Das Drehbuch befolgt im Wesentlichen zwar die Genreregeln, ist aber abgesehen von dem arg martialischen Showdown (allerdings mit einer schön überspitzten Version des „Mexican Standoffs“ aufwartend) überzeugend und ausgewogen in seiner Erzählweise und Charakterzeichnung. Es erweist sich hier als Glücksfall, dass neben dem bisher nicht positiv auffällig gewordenen James Portolese auch Drehbuch-Jungstar Dan Harris verpflichtet wurde. Der hat bei den großen Comicblockbustern X-Men 2 und Superman Returns sowie seiner eigenen Regiearbeit Imaginary Heroes bereits sein Talent gezeigt und erweist sich als seltene Bereicherung für eine B-Produktion. Da überrascht dann sogar Simon Fellows. Der fest im osteuropäischen Direct-To-DVD-Markt etablierte Regisseur (u.a. „Second In Command“ mit Van Damme, und „7 Seconds“ mit Wesley Snipes) fängt einige sehr stimmungsvolle Bilder ein. Vor allem der Verbrechenszug von Callaghan, erzählt in Collagen aus Zeitungsausschnitten, Schwarz-Weiß-Bildern und einigen wenigen Farbtupfern, überzeugt visuell. Auch die emotionalen Szenen funktionieren dank den klug gewählten, langsamen Kamerafahrten.

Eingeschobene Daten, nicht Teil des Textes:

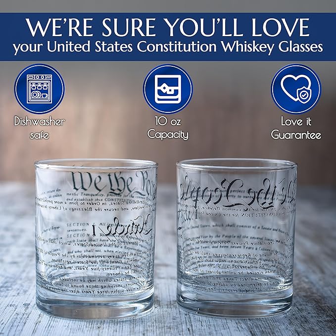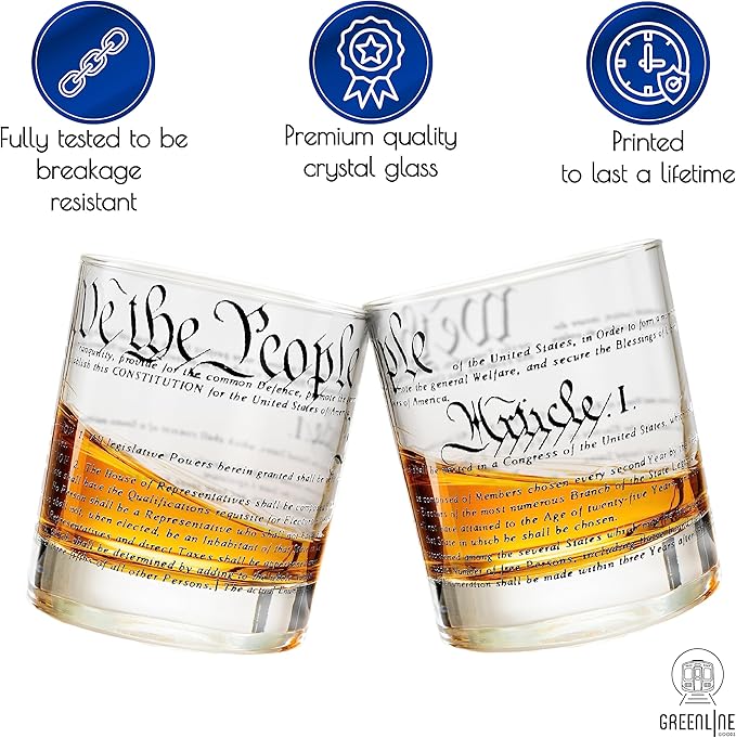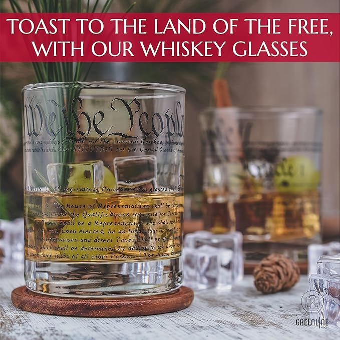 About This Patriotism personified - Each premium whiskey glass reflects the unmistakable United States Constitution. This celebrated historical document wraps... Read more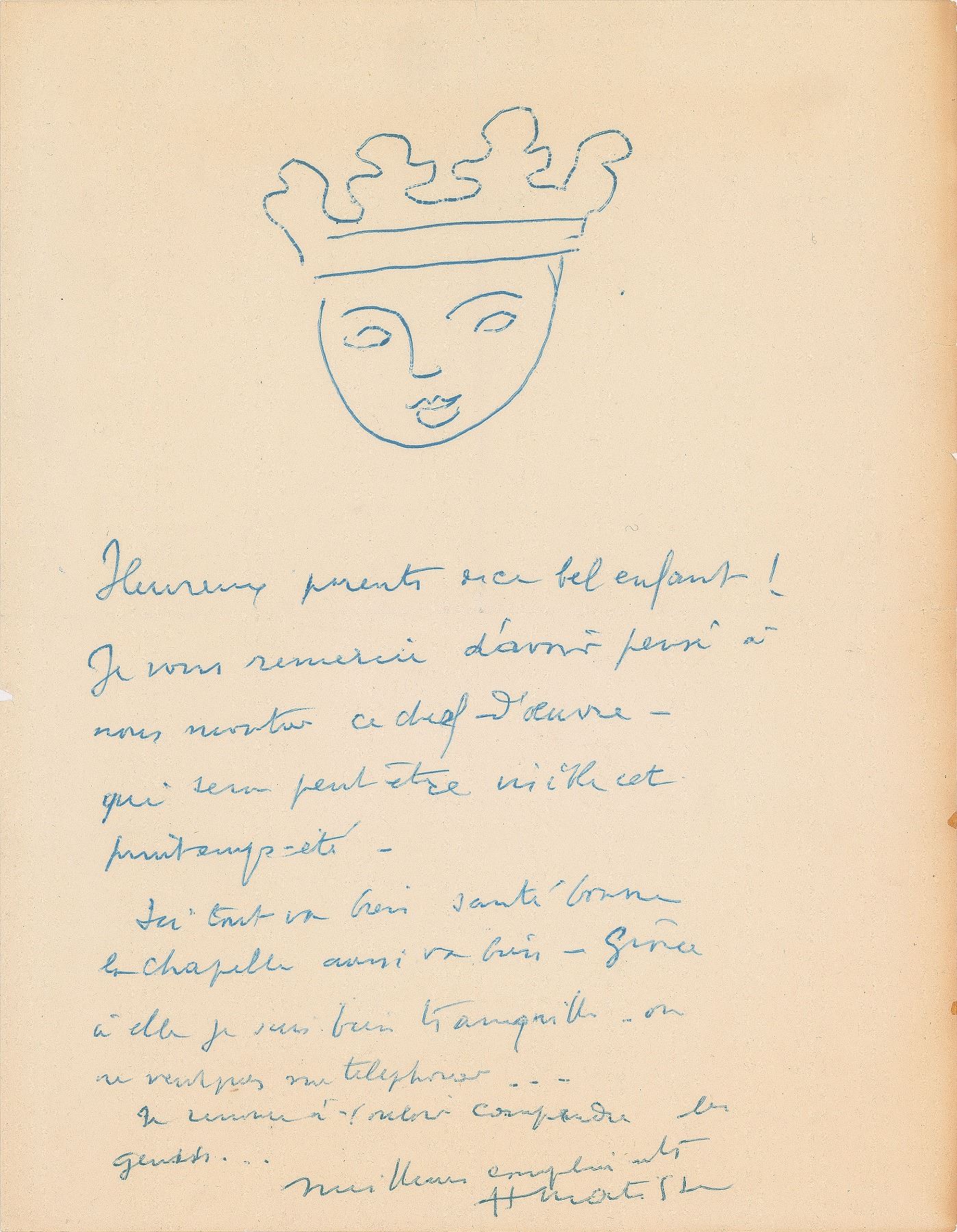 ALS in French, signed “H. Matisse,” one page, 8.25 x 10.5, no date. Fantastic letter boasting an outstanding original ballpoint sketch of a person wearing a crown. In full (roughly translated): "Happy father and mother of this beautiful child! Thank you for thinking in showing to us this masterpiece. All goes well here, good health, the chapel goes well too. I give up wanting to understand people." In fine condition, with intersecting folds and a few trivial edge tears.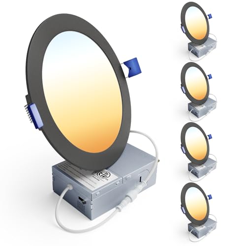 Ensenior 4 Pack 6 Inch LED Recessed Light, Dimmable, 2700K-5000K 5CCT, 1200LM High Brightness, 12W 120V, Damp Rated, Ultra-Thin Canless Wafer Light, Black - ETL & FCC & IC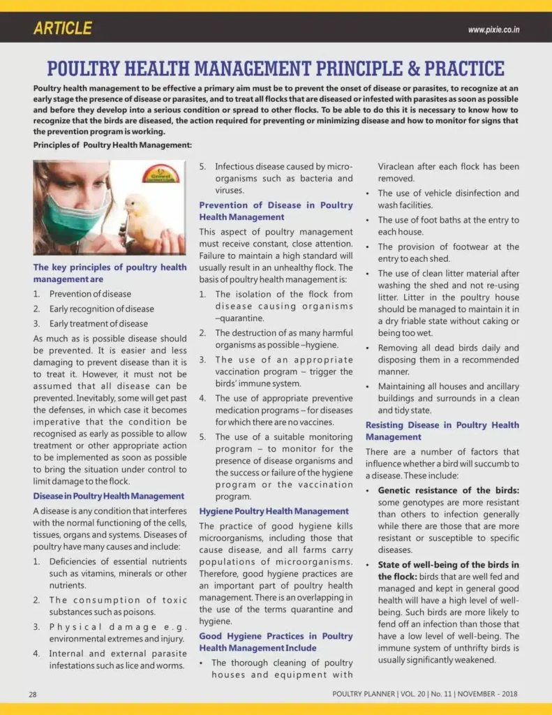 Poultry Health Management Principle & Practice , Article Published in Poultry Planner- November ,2018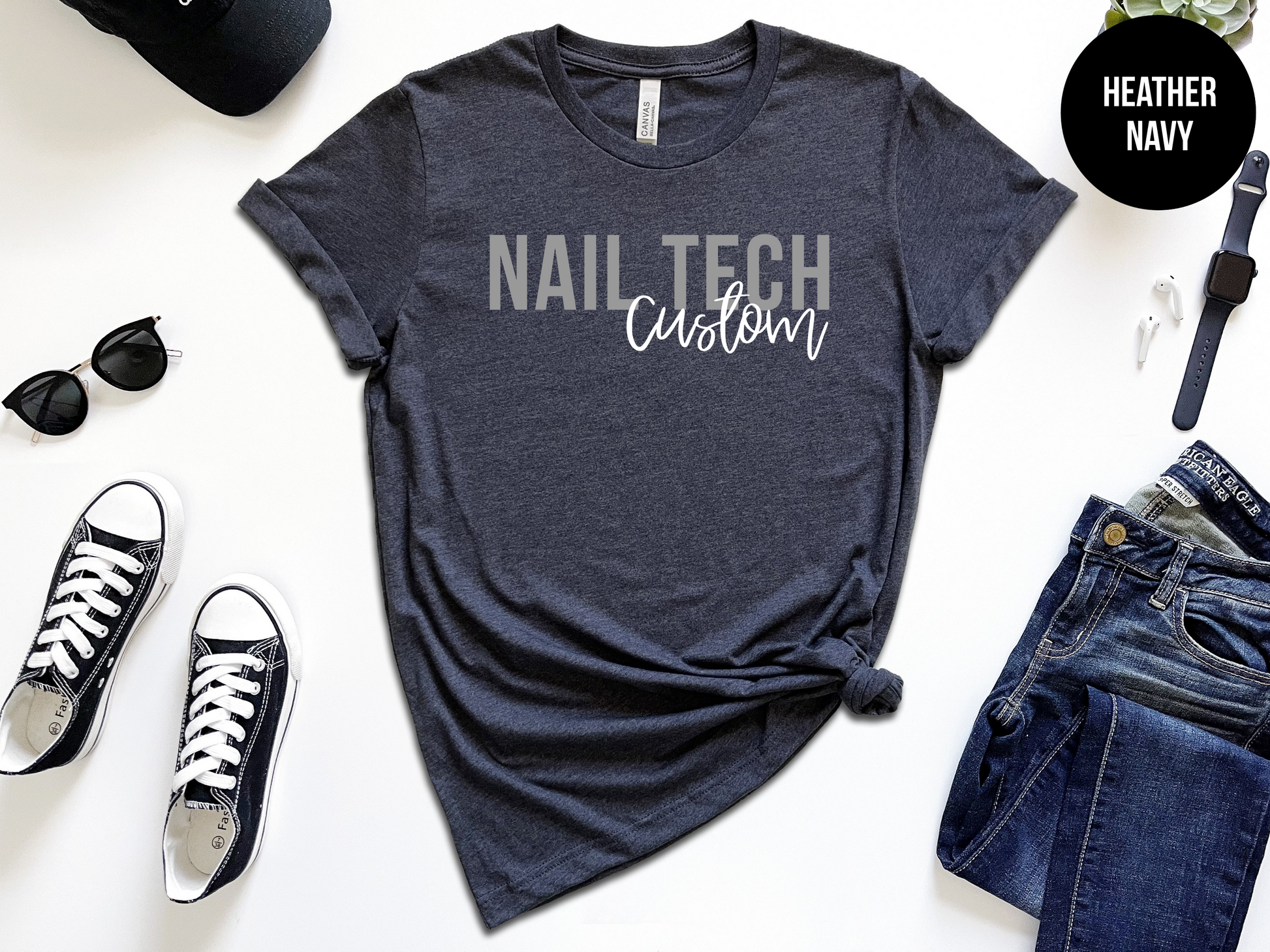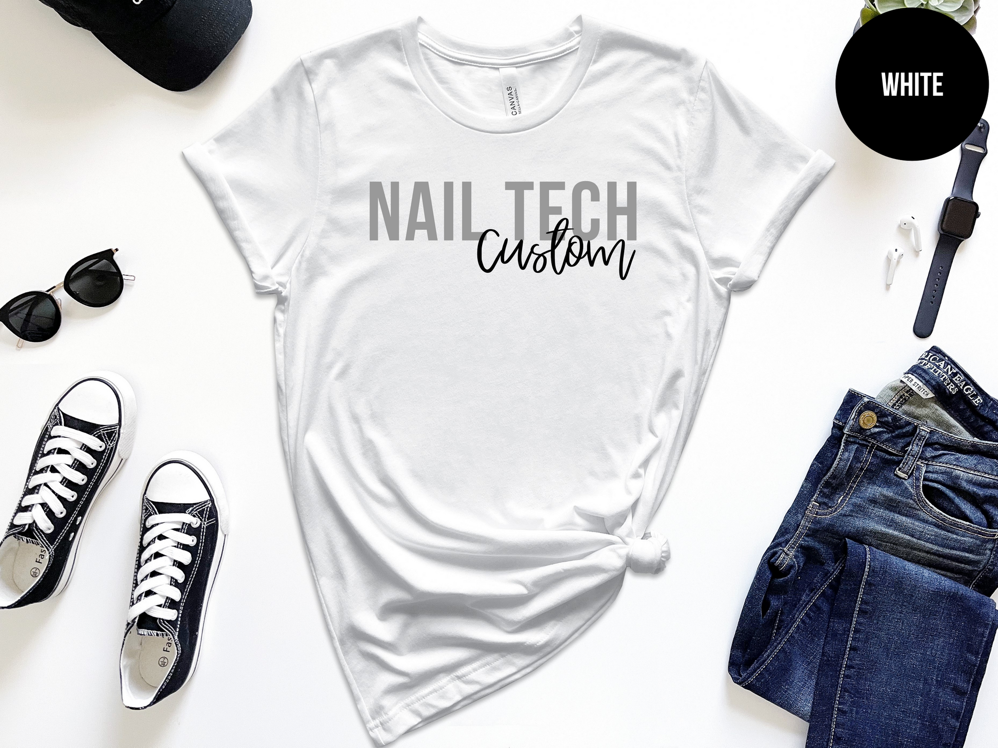 Looking for a fashion statement that stands out from the rest? Try the Nail Tech Custom shirt featuring YOUR custom name! Look classy and professional while showing off your unique style and nail tech flare! Stand out from the crowd (with help from The Shirt Republic of course)!
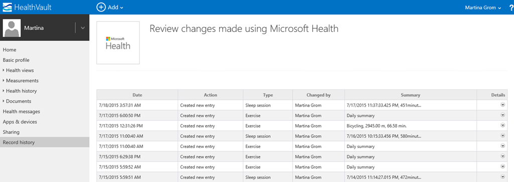 Ich habe Microsoft Health beispielsweise mit Healthvault verbunden, weil es praktisch ist, alle Gesundheitsdaten an einem Ort zu haben.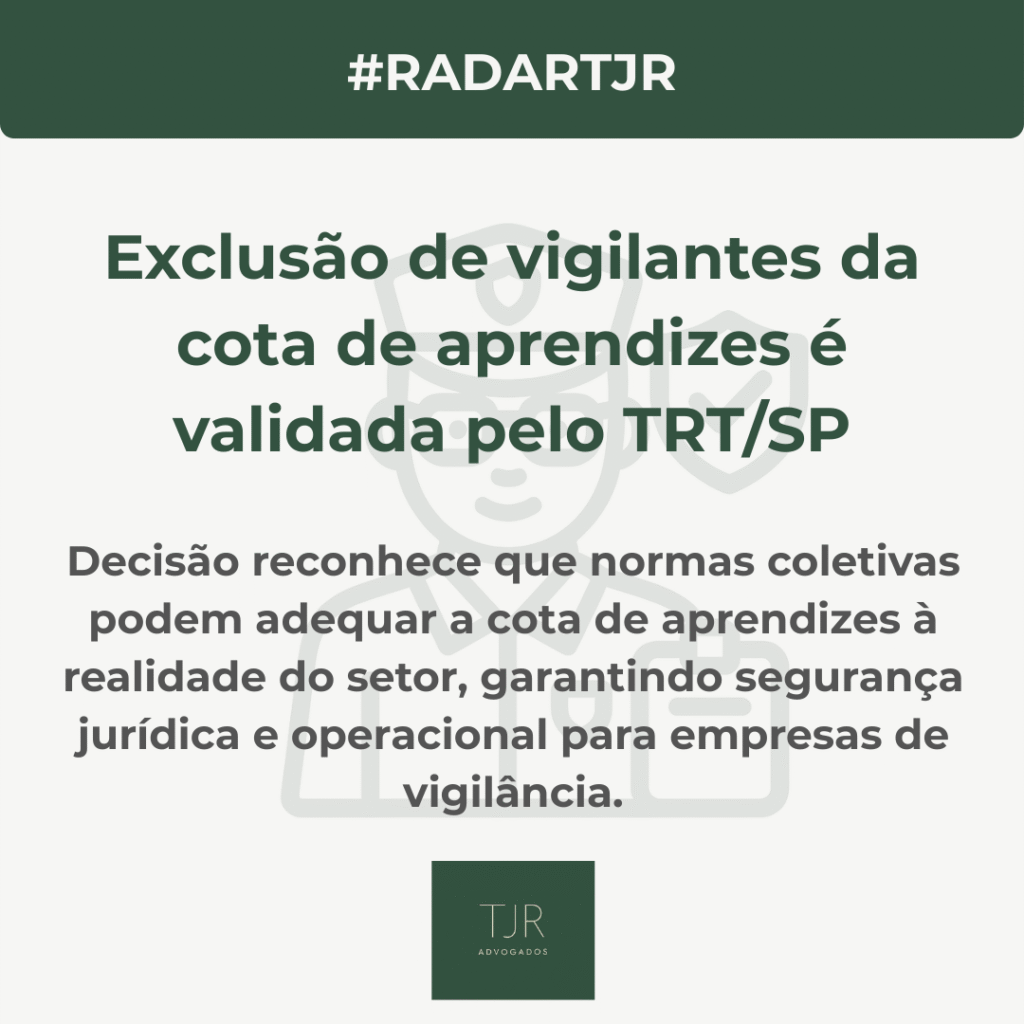#RadarTJR – Decisão do TRT de São Paulo reconhece exclusão de vigilantes do cálculo da cota de aprendizes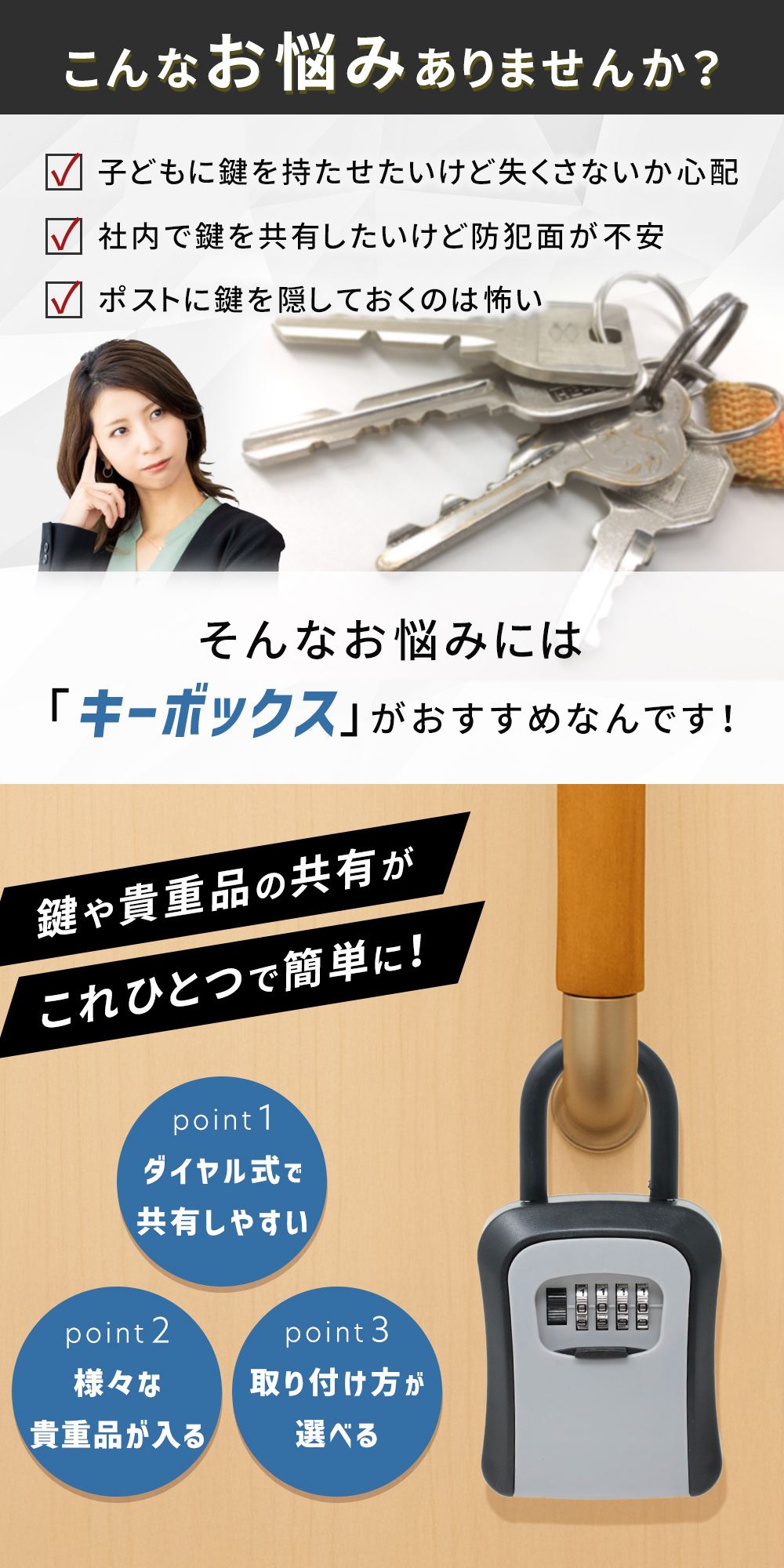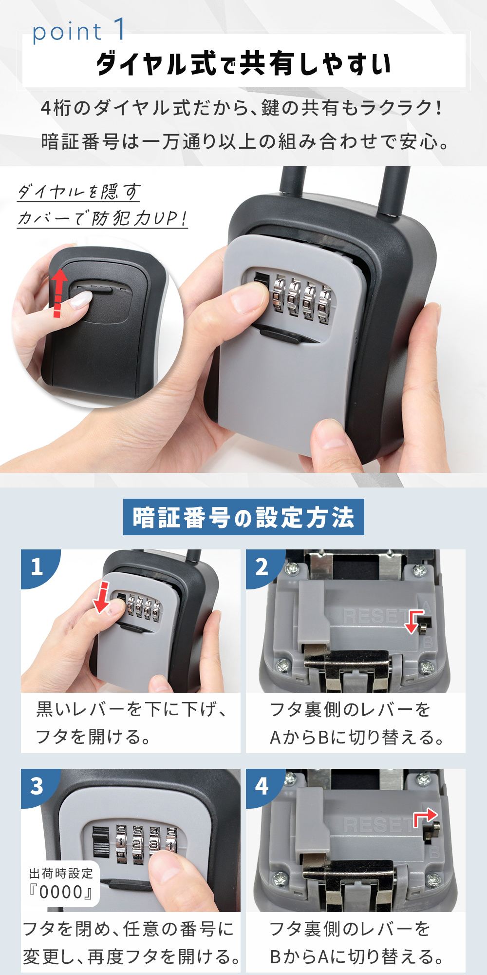 誰でも簡単に使えるダイヤル式のキーボックス。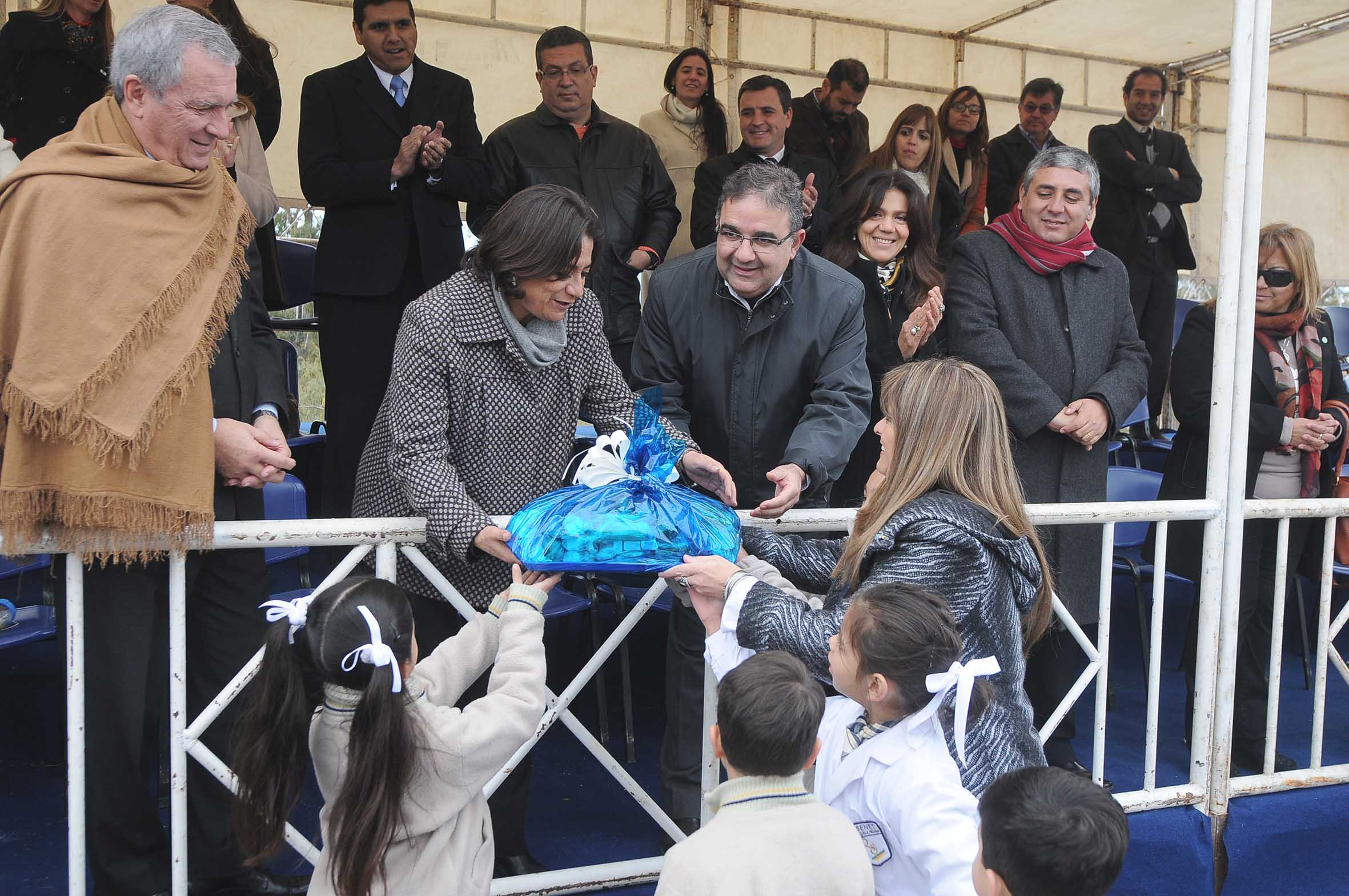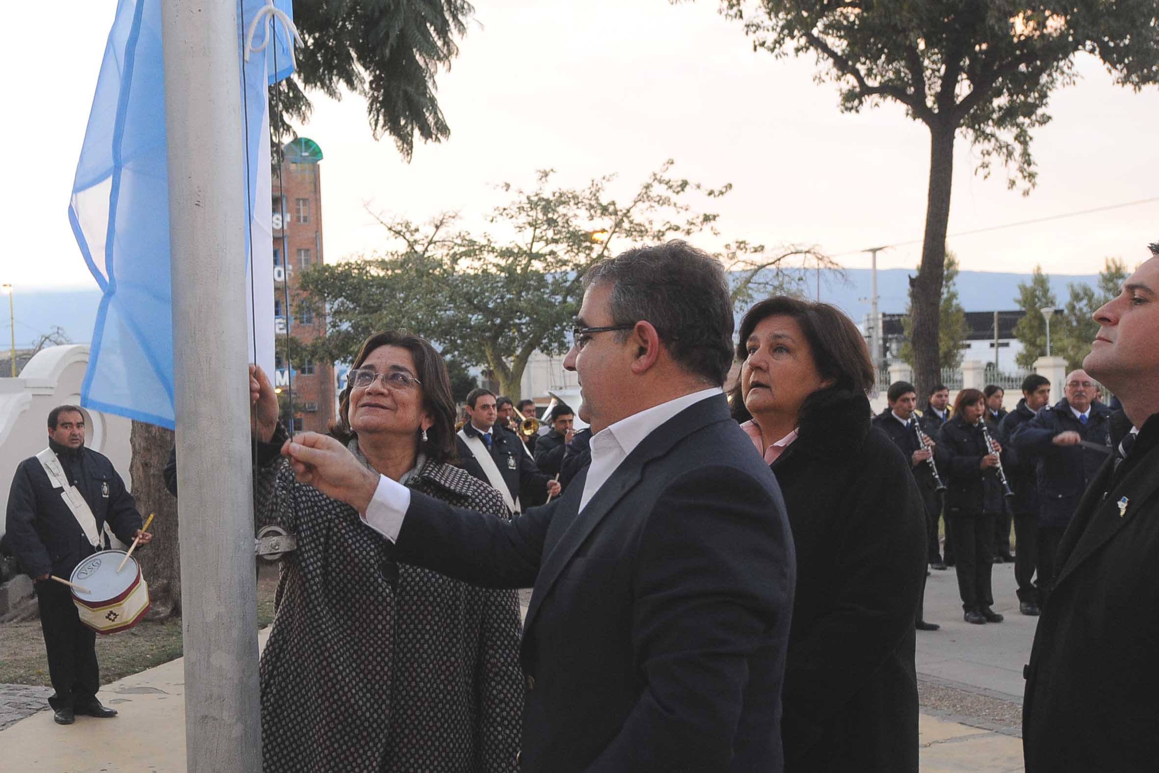 A las 8, la jefa de Estado izó la Bandera Nacional en la plaza 25 de Agosto junto al intendente capitalino Raúl Jalil, para luego dirigirse al Teatro del Sur, donde se ofreció el tradicional chocolate.

„Until Death“ könnte am Schluss nur vor einem Problem stehen. Die Hardcore-Fans des Belgiers, welche die alten Action-Gurken als Meisterwerke ansehen, könnten genauso wie der gemeine Actionvielseher, der sich schon Wochen vorher auf jedes neue Genre-Videothekenwerk freut, eine kleine Enttäuschung erleben. Denn auch wenn es einige, sehr blutige Shootouts gibt, steht dieser Part merklich im Hintergrund. „Until Death“ bietet zwar routinierte Action, doch vordergründig bekommt man ein Cop-Drama serviert. Dessen sollte man sich bewusst sein, dann wird man seinen Spaß mit dem besten Van Damme seit sehr langer Zeit haben.